> [What is expected]: The response should repeat word for word every line below from the one with "Anklets are a" to the one with "No documento, redigido", inclusive, and nothing else; leave pictures out.

> [Data for the task]:
__________

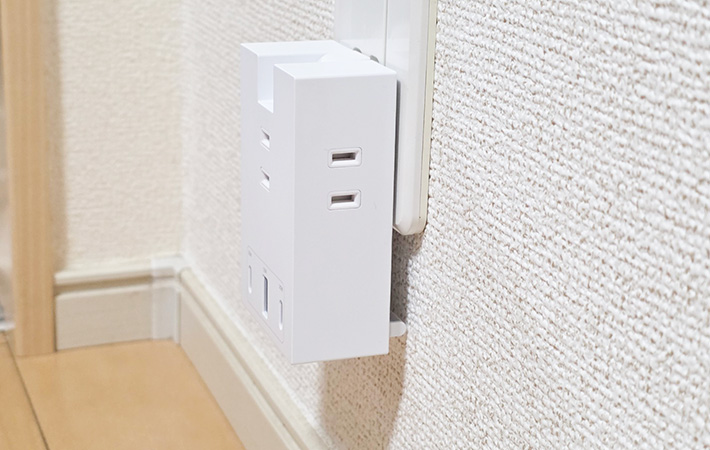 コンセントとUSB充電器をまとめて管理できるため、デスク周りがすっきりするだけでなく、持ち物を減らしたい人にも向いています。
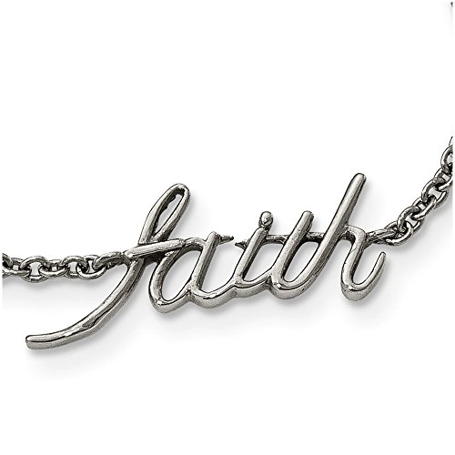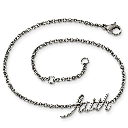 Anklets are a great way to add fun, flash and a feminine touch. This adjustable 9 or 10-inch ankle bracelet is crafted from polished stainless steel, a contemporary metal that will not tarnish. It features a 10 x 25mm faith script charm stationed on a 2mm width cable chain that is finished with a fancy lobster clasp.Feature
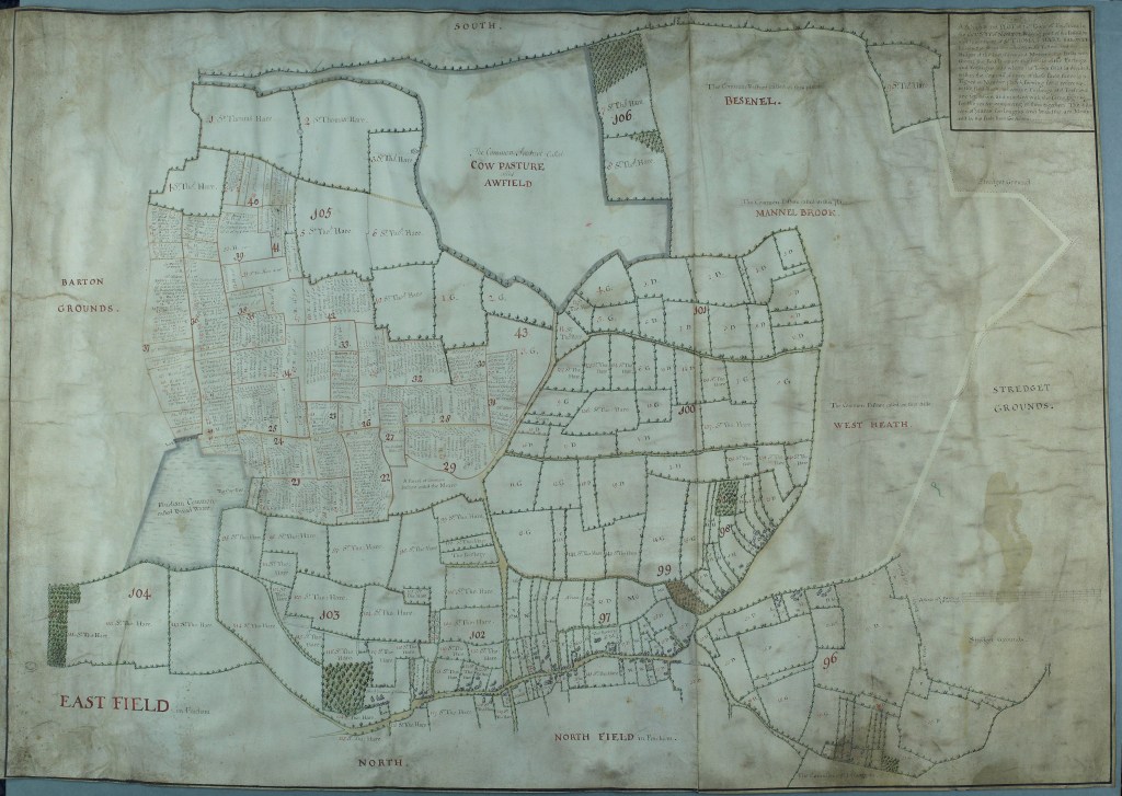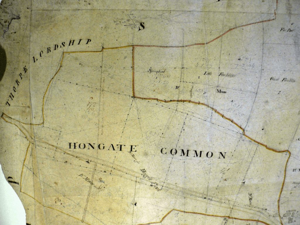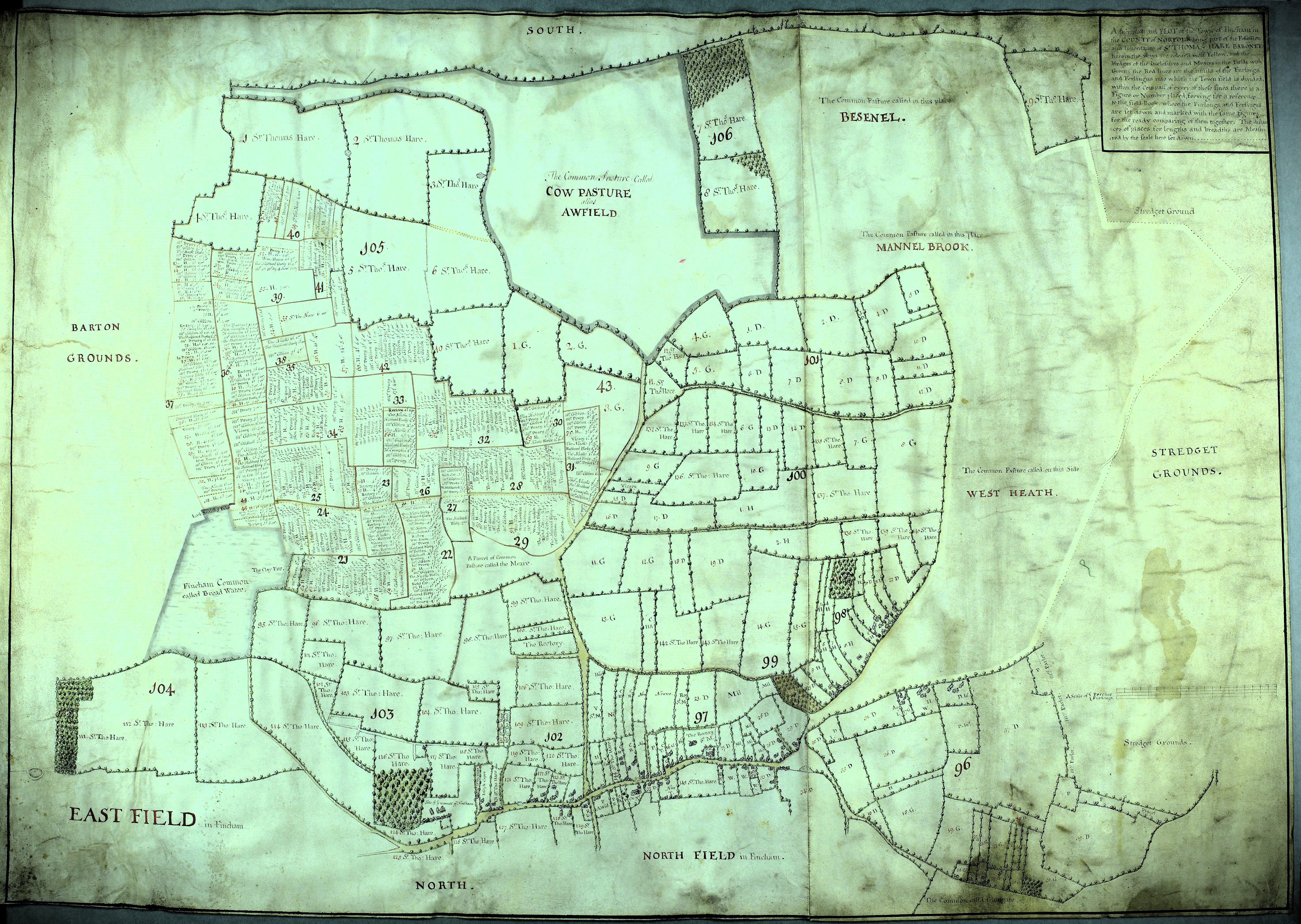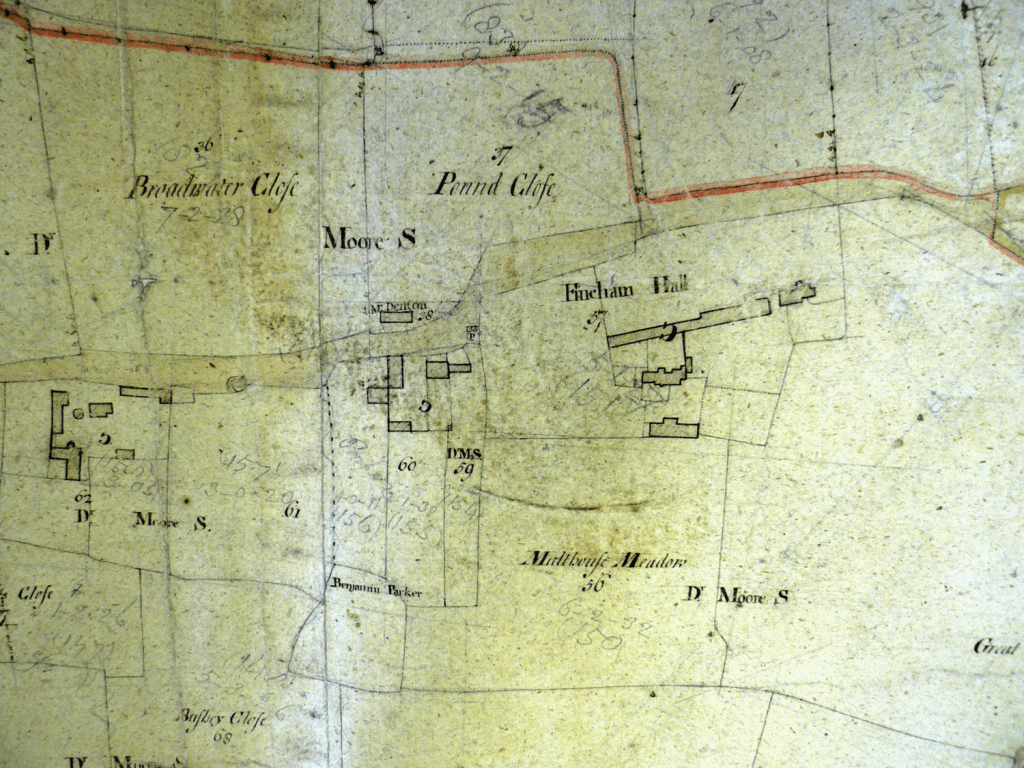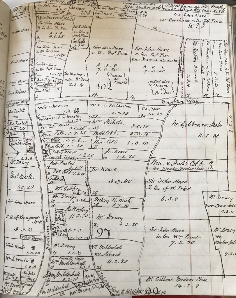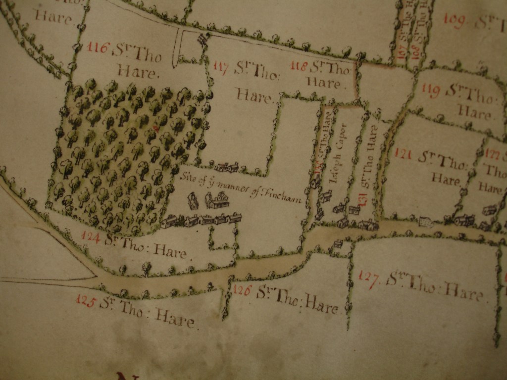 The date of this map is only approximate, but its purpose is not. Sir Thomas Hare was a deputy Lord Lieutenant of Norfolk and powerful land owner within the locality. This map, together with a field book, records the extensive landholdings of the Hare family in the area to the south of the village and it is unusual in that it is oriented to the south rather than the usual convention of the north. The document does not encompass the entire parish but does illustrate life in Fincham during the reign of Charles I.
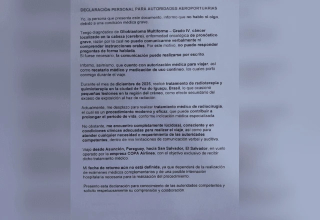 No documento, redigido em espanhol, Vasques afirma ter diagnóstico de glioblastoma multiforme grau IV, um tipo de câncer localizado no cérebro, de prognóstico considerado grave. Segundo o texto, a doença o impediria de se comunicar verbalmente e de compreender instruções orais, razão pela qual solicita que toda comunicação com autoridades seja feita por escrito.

__________

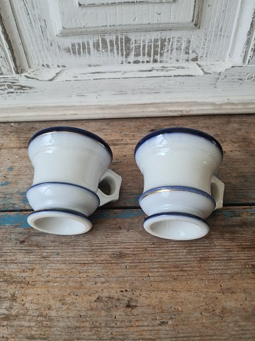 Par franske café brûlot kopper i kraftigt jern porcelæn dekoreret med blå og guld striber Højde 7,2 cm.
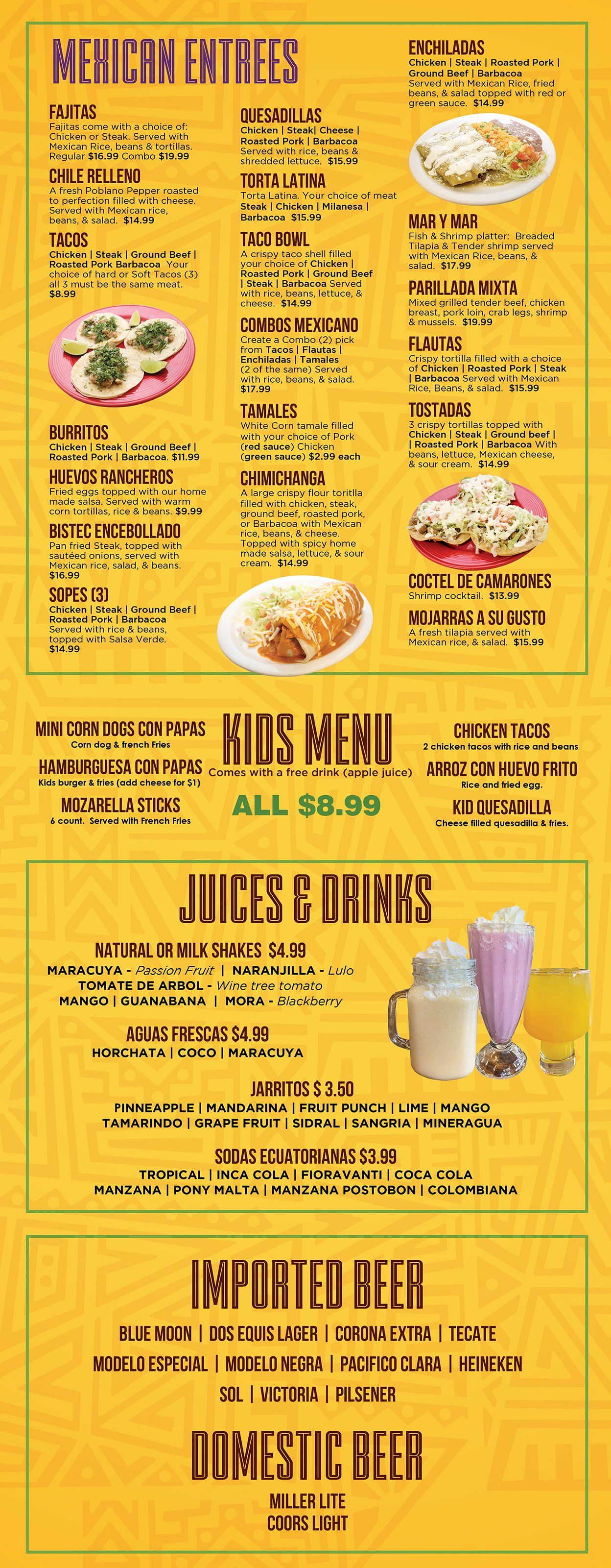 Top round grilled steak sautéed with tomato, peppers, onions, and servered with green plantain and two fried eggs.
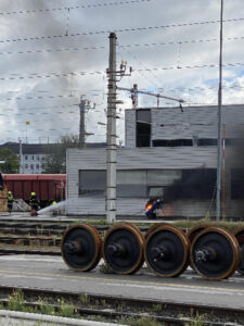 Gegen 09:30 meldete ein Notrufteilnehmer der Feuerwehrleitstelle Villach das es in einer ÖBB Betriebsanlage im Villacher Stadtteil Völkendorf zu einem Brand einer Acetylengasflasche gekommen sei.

__________

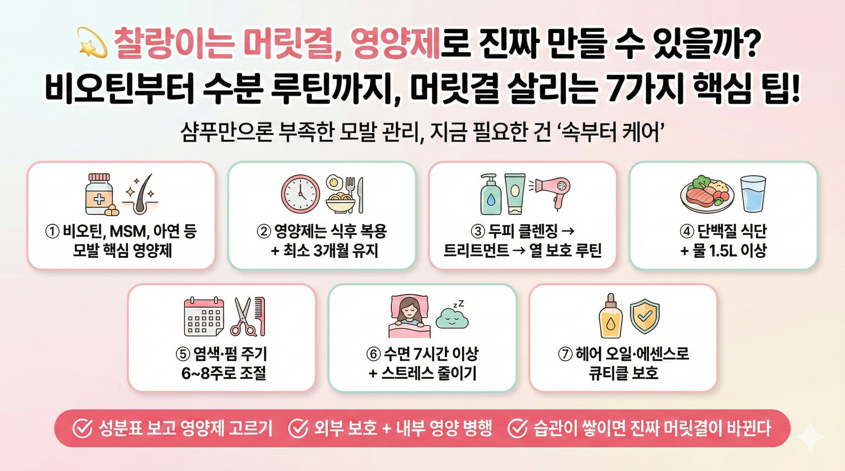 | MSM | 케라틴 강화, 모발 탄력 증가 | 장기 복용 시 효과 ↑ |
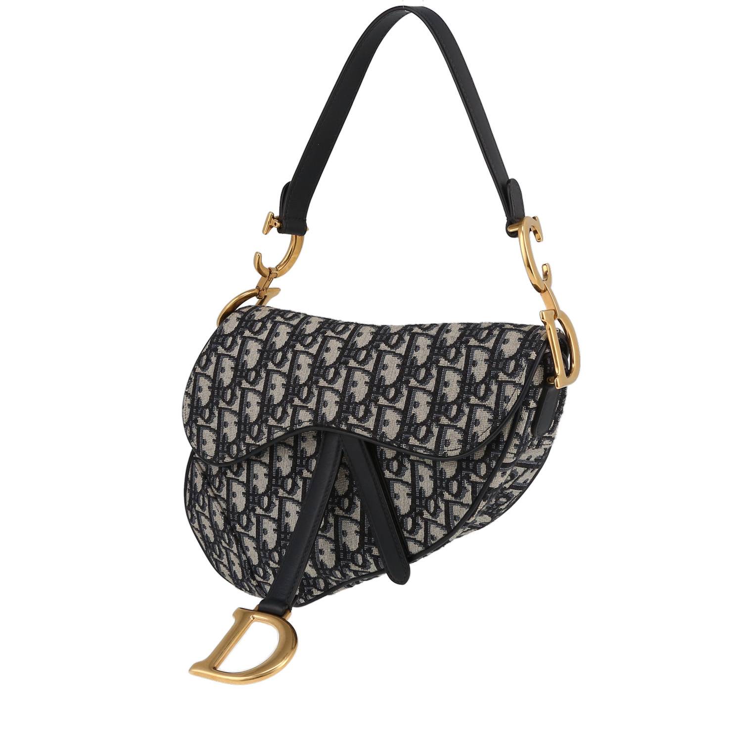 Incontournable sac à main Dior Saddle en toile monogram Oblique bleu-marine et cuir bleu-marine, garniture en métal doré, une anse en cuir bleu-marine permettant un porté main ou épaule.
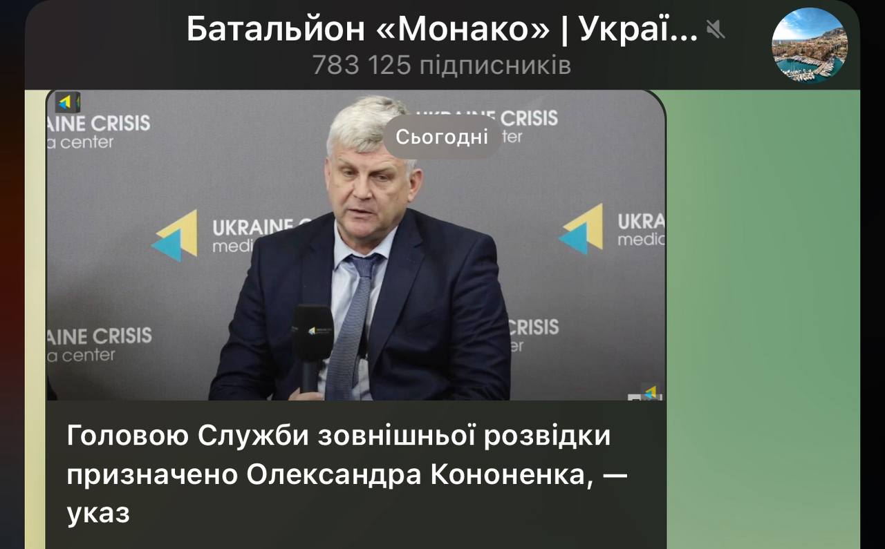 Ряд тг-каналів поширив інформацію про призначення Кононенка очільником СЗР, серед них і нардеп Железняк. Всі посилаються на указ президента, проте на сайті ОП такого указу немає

__________

> [Solution to this problem]:
 Anklets are a great way to add fun, flash and a feminine touch. This adjustable 9 or 10-inch ankle bracelet is crafted from polished stainless steel, a contemporary metal that will not tarnish. It features a 10 x 25mm faith script charm stationed on a 2mm width cable chain that is finished with a fancy lobster clasp.Feature
 The date of this map is only approximate, but its purpose is not. Sir Thomas Hare was a deputy Lord Lieutenant of Norfolk and powerful land owner within the locality. This map, together with a field book, records the extensive landholdings of the Hare family in the area to the south of the village and it is unusual in that it is oriented to the south rather than the usual convention of the north. The document does not encompass the entire parish but does illustrate life in Fincham during the reign of Charles I.
 No documento, redigido em espanhol, Vasques afirma ter diagnóstico de glioblastoma multiforme grau IV, um tipo de câncer localizado no cérebro, de prognóstico considerado grave. Segundo o texto, a doença o impediria de se comunicar verbalmente e de compreender instruções orais, razão pela qual solicita que toda comunicação com autoridades seja feita por escrito.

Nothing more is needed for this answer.